Task to carry out: Please output exactly the part of the records below that opens with the line containing "Size at Amazon" and closes with the line containing "والإثنين الماضي وقع", both lines included, and nothing else.

Data under study:
________________
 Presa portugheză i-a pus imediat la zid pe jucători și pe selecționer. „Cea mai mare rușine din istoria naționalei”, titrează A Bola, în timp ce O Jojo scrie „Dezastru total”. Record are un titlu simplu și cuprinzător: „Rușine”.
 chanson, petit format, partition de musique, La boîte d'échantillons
________________
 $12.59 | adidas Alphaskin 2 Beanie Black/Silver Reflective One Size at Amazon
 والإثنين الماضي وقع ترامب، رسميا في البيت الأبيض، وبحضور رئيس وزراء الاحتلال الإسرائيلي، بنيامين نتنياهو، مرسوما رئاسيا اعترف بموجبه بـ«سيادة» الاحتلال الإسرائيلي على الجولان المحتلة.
________________
Answer box:
 $12.59 | adidas Alphaskin 2 Beanie Black/Silver Reflective One Size at Amazon
 والإثنين الماضي وقع ترامب، رسميا في البيت الأبيض، وبحضور رئيس وزراء الاحتلال الإسرائيلي، بنيامين نتنياهو، مرسوما رئاسيا اعترف بموجبه بـ«سيادة» الاحتلال الإسرائيلي على الجولان المحتلة.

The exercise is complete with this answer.